The notion of using value to determine utility is commonplace for all people as they perform their normal daily activities. “I am not paying $6.00 for a cup of coffee” is actually a value-driven decision as much as it is a price-driven decision. I am sure if you dug deeply you could come up with $6.00 – even in a recession. However, you don’t see $6.00 of value in the coffee. In fact, value is the underlying element to all buy or don’t buy decisions we make. Do we find at least enough value in the product to pry our cash out of our hand for the utility derived from the product?
Value is most easily derived through a relative analysis. You might not see $6.00 of value in a cup of coffee at Starbucks, but then you next door to Caribou and the same cup of coffee is offered for $8.00. Now what? The value calculation in your brain is all out of whack. Through relative analysis, the $6.00 cup of coffee all of a sudden seems like it might be a good deal. You now “value” that cup of coffee at $6.00. Of course, this analysis only works when you are dealing with exactly the same product. Commodities are the perfect example of this. I am generalizing that all cups of coffee are exactly the same or a commodity in the example above – I know there are a lot of connoisseurs out there that will take offense.
Now we come to investing. Many times people will mistakenly value shares of stock based on a crude relative analysis using the prices of all shares in the universe. They assume a share of Borders Group is the same as a share of Apple. Borders Group is now trading at $.37/share and Apple is trading at $351.88/share. New investors will want to quickly discern that Borders Group is cheaper than Apple and conclude it to be a better deal. The conclusion could not be further from the truth. In reality, there are no two companies that are exactly the same. All shares are created differently.
As I write this, Borders Group is most likely preparing to file for Chapter 11 bankruptcy protection and being delisted by the New York Stock Exchange for non-compliance with listing standards. Anyone with a few business classes in college knows that there is a pecking order in a bankruptcy and the common shares are the last on that list. Even if Borders Group continues to operate the business the likelihood of an investor in common shares losing 100% of their investment is near 100%. Will Borders Group still be a good deal when you lose everything in the near future?
Apple is on the other end of the spectrum. They have a great product lineup with innovations unmatched in the industry. Apple has so much cash on their balance sheet that putting all that cash to work is very difficult and problematic – albeit a good problem to have! It is safe to assume that Apple is not going to go bankrupt anytime soon and probably not even in our lifetimes (though stranger things have happened.) There is a high probability that you will not lose all of your investment buying Apple shares.
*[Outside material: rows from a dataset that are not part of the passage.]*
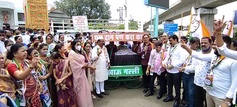 पिंपरी : महापालिकेतील भ्रष्ट्राचाराविरोधात राष्ट्रवादी कॉंग्रेसने (ncp) बुधवारी ‘खाऊ गल्ली’ आंदोलन केले. ‘धरा दाम पण करा काम’ अशा घोषणा दिल्या. पाचशे व दोन हजार रुपये किंमतीच्या खेळण्यातील नोटा ‘खाऊ गल्ली’ या हातगाडीवर ठेवल्या होत्या.
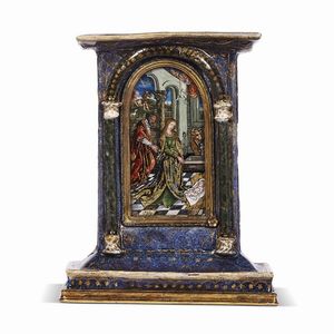 PACE, IN STILE VENEZIANO DEL ‘500, SECOLO XIX in rame smaltato, in forma di edicola raffigurante la Sacra [..]
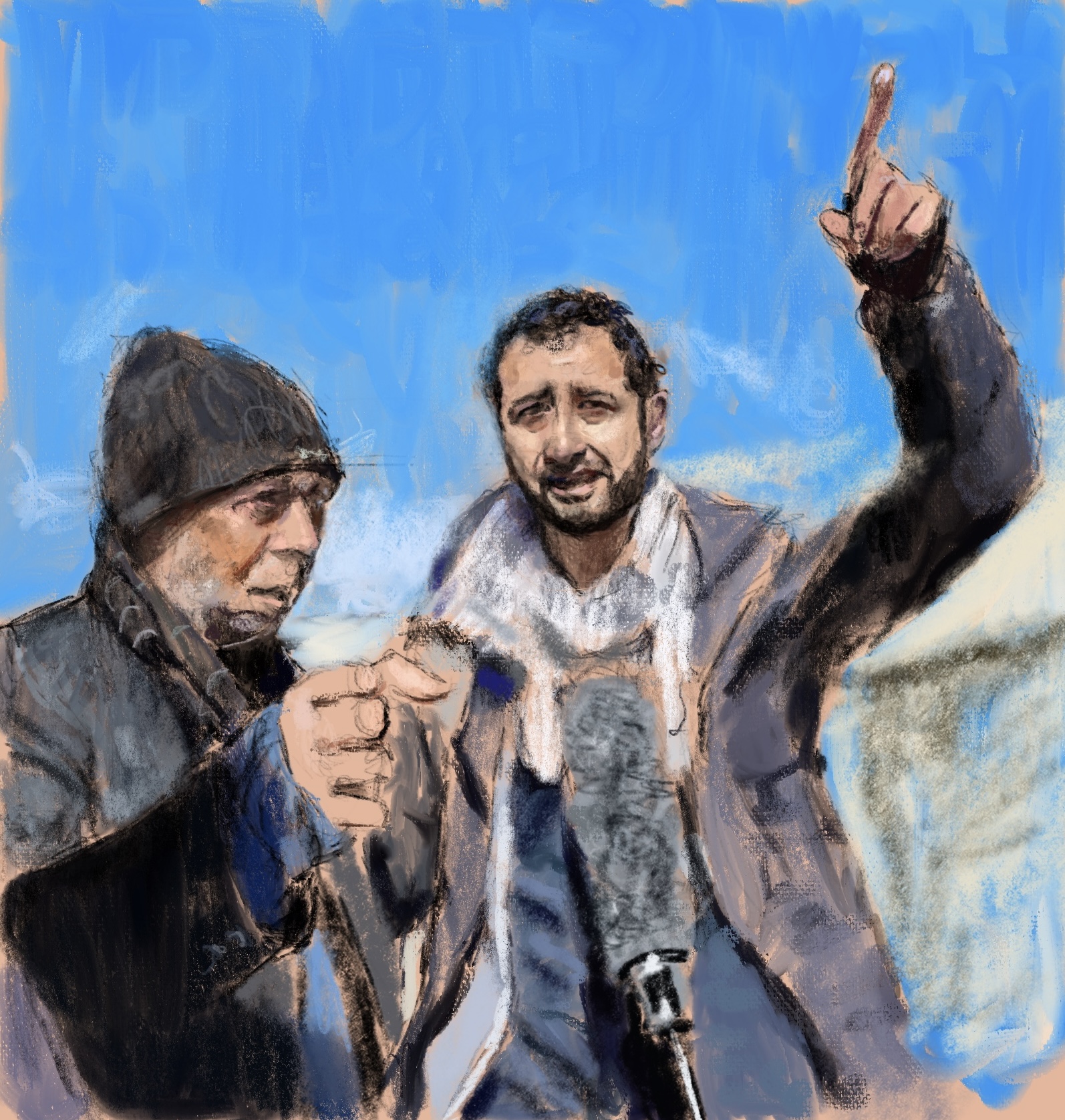 Sketch from eyewitness photo. My friend Mouaz Moustafaof the Syrian Emergency Task Force translates for @Rsherlock (NPR)“This man broke my heart in liberated #Syria where the @UN in coordination with #Assad didn’t send anything to help. He lost his entire family under the rubble.”-Mouaz M.
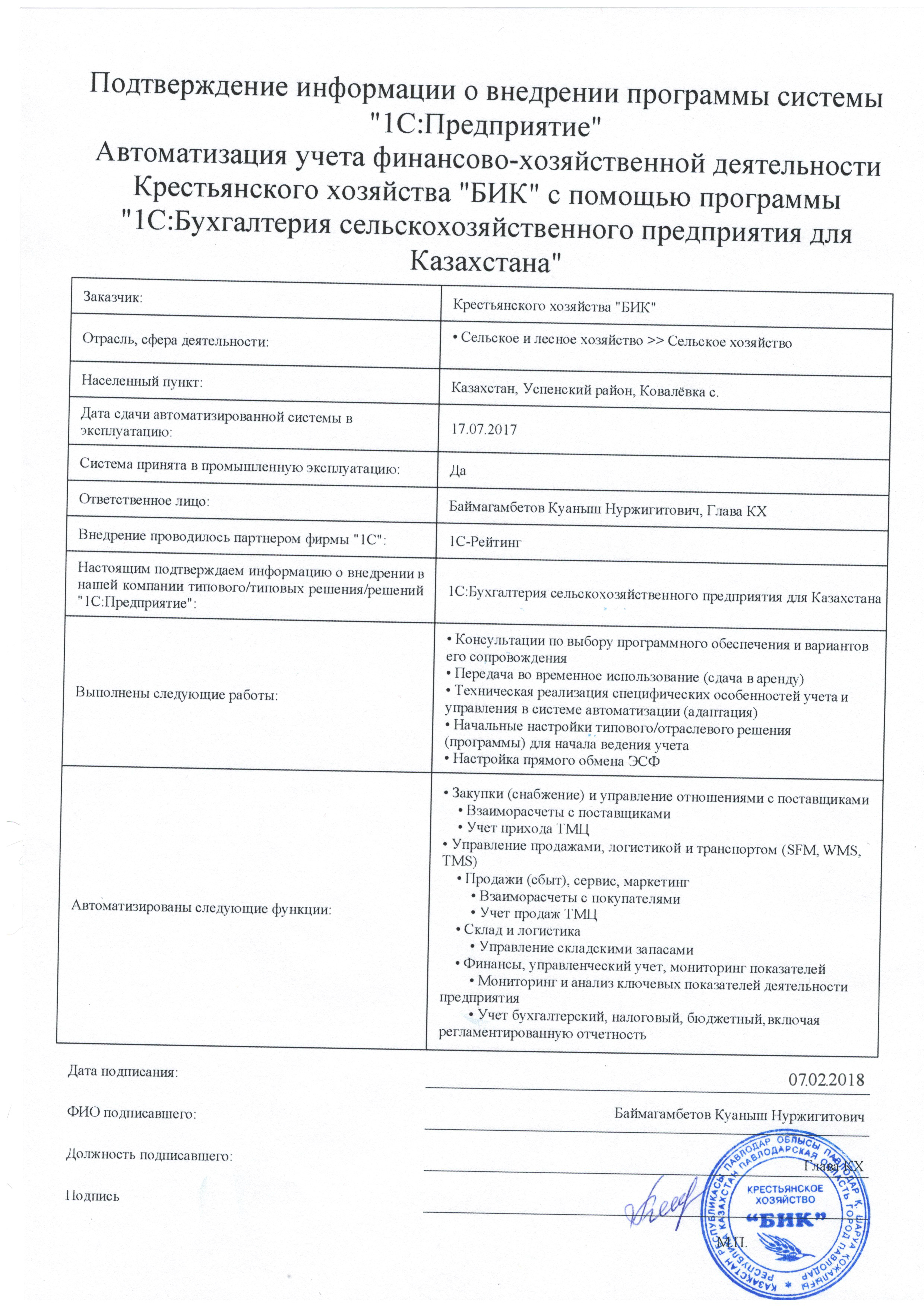 | Арендованное отраслевое решение: | 1С:Бухгалтерия сельскохозяйственного предприятия для Казахстана |
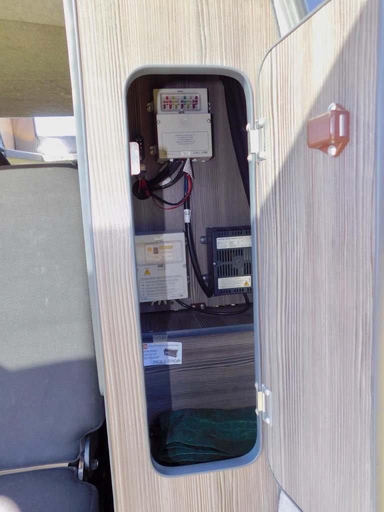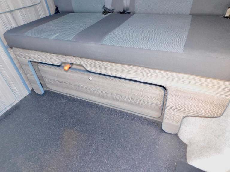 The Front Twin Passenger Seat Swivels to become part of the Living and Dining Area. We even have Webasto diesel Central Heating. The Dining Table easily stores away when not needed. We have smart LED Lighting throughout. This Twin Front Seat Also has a generous Storage Locker underneath its lift up seating section.
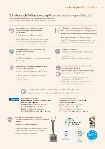 „rPET RECY-Zeichen“ versehen. zertifiziert nach ISO 22196-2011.
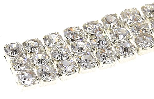 1 Yard 3 Rows Sew-On Banding Rhinestone Trim for Clothing Decorations and Bridal Bouquet Embellishments
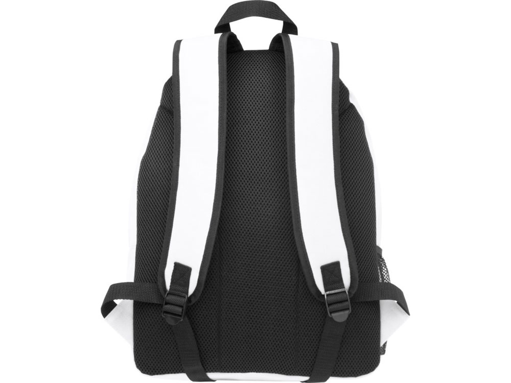 Прочный рюкзак, изготовленный на 100% из переработанного пластика, предназначенного для повторного использования, что способствует уменьшению количества пластиковых отходов. Имеет регулируемые плечевые ремни, 2 отделения на молнии и передний карман на молнии. Для изготовления этой сумки перерабатывается около 15 бутылок. Термотрансфер (1 цвет (белые изделия)) на данный товар осуществляется бесплатно. Оплачивается только настройка оборудования в размере 5800 рублей на весь тираж.
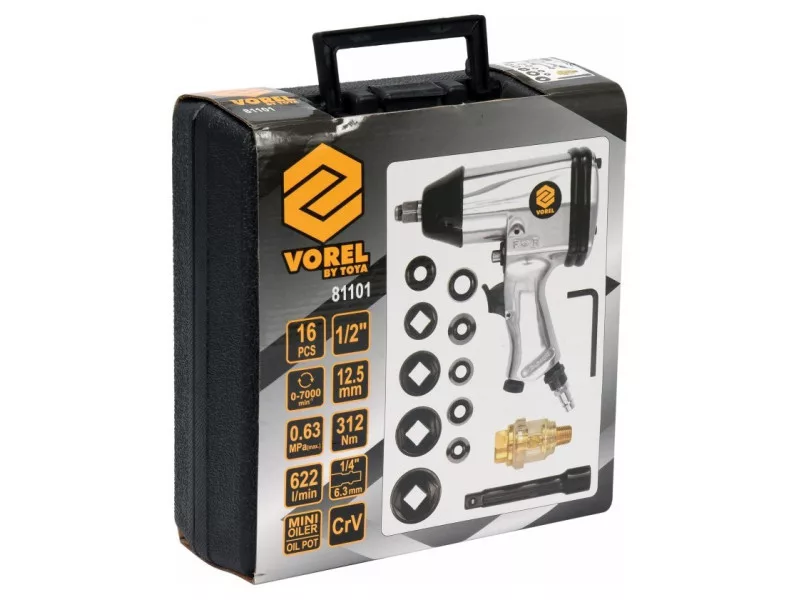 Pneumatický rázový kľúč 1/2'' s nástrčkami, 16 dielov
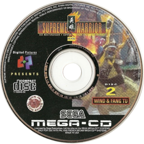 Supreme Warrior per Sega Mega-CD è un picchiaduro interattivo basato su sequenze in full motion video (FMV), sviluppato da Digital Pictures. Il gioco si distingue per il suo approccio cinematografico, utilizzando attori reali e coreografie di arti marziali per creare un’esperienza immersiva.
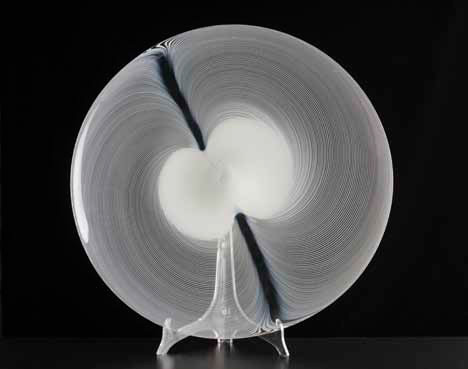 TAPIO WIRKKALA Grande piatto della serie “Pavoni” in vetro a mezza filigrana. diametro cm 47.
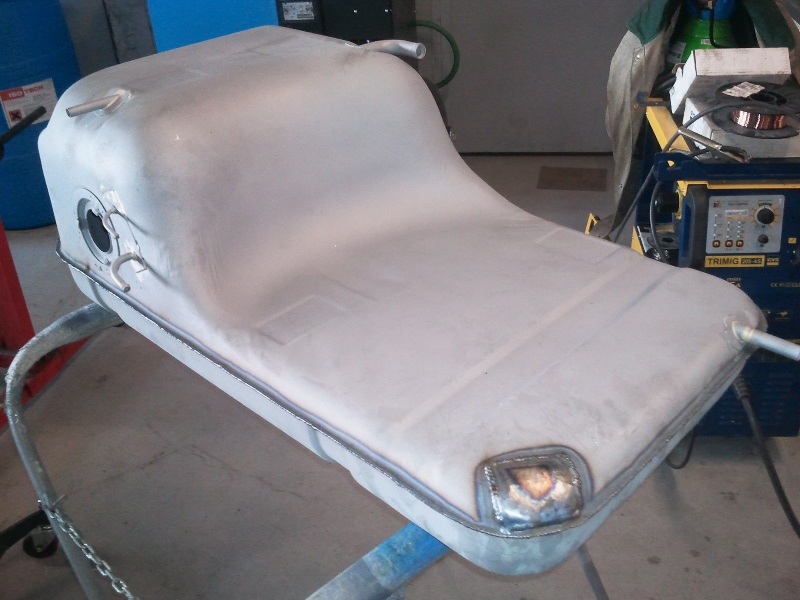 Il y avait aussi un trou à boucher sur le coin du réservoir, une tôle a été formée et ajoutée. Le réservoir est désormais prêt pour un traitement inside-out.
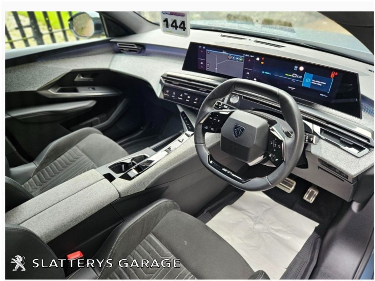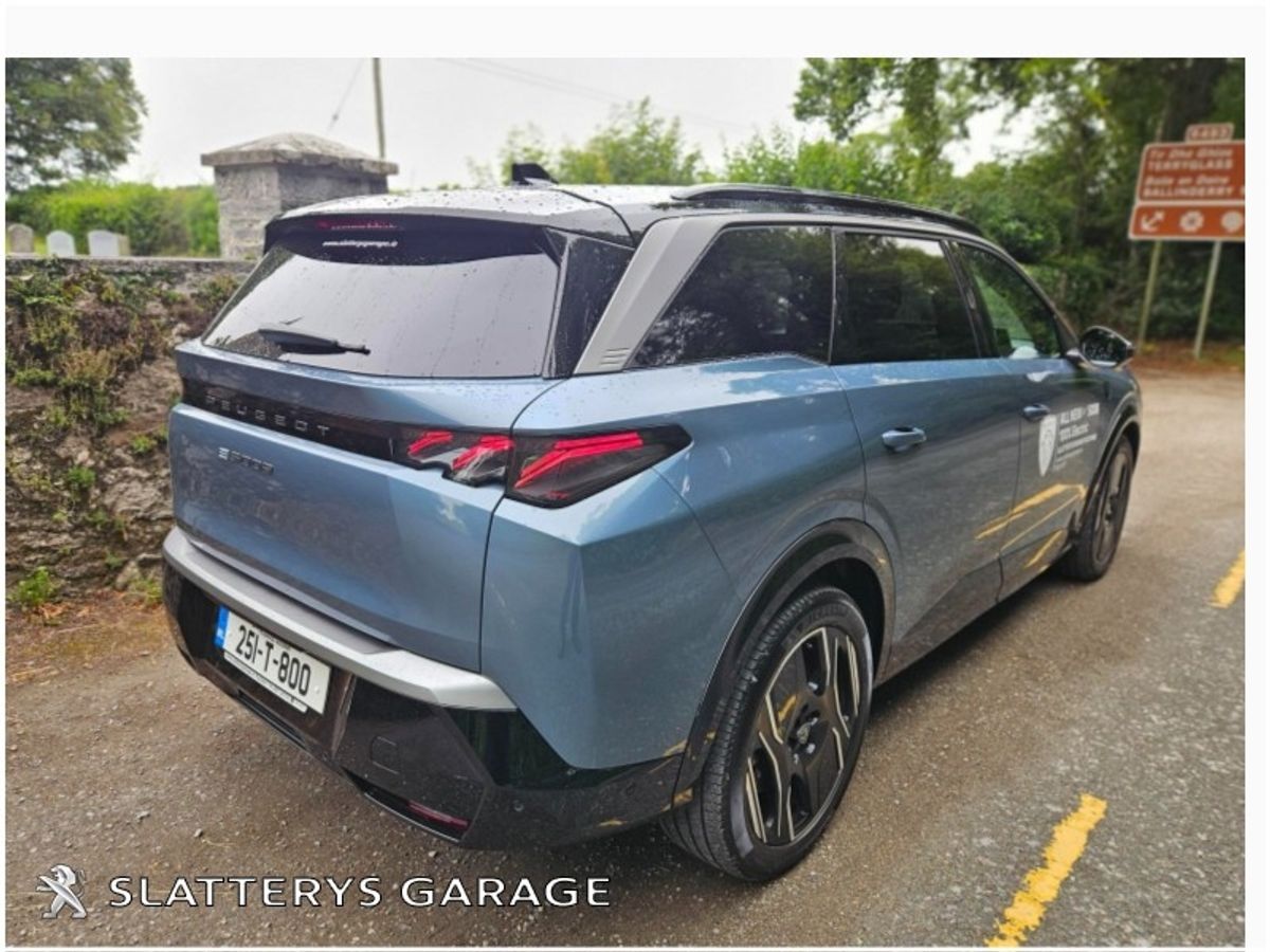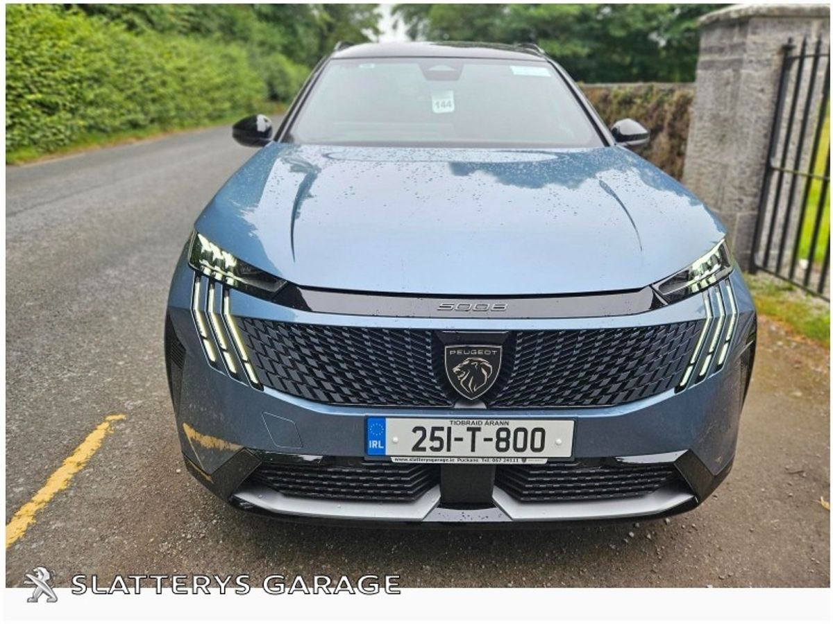 251 5008 GT EV demo model in spotless condition. This SUV 7 seater comes with remaining manufacturers warranty until Jan 2029 or 100,000 kms. Standard features include, 73 kWh battery with 500 kms range, Heat pump, 360 Degree camera, Park assist, Bluetooth interface, Privacy glass, Safety pack, Peugeot Pixel LED lights with Adaptive high beam assist, Electric Tailgate, Upgraded Alcantara upholstery, Rear door sunblinds, 19" Diamond cut alloys, Safety pack, Lane keep assist, Peugeot panoramic i cockpit with 21" floating curved screen, Peugeot open & go, Navigation, Wireless Applecarplay/Android auto, Adaptive cruise control & many more features. Competitive finance packages available. Call Niall, Michael or Andrew on 067/24111 for more details.

This is not to say that you won’t lose money based on the normal fluctuations in business cycles.
Using a relative analysis can still be used to determine relative worth, but price is only part of the equation – literally. The measure most commonly used to measure stocks is called the P/E ratio. The price per share is divided by the earnings per share yielding some number. The lower a stock’s P/E, the cheaper the stock is. There are many nuances that are also in play when comparing two companies based on P/E, but this is most commonly used ratio.
Comparing companies by P/E within their own industry is most useful as many variables vary between industries. I have prepared a snapshot of the soft drink industry below. These numbers can be found directly in Yahoo! Finance.
Based on earnings, Pepsi is currently the cheapest stock and should then provide the highest value. Notice that Pepsi is also the stock with the highest share price. This analysis is meant to show that share price is not a determinant of value for a stock. Only when used in concert with another measure, in this case earnings, can you attempt to draw a relationship between stocks in a similar industry.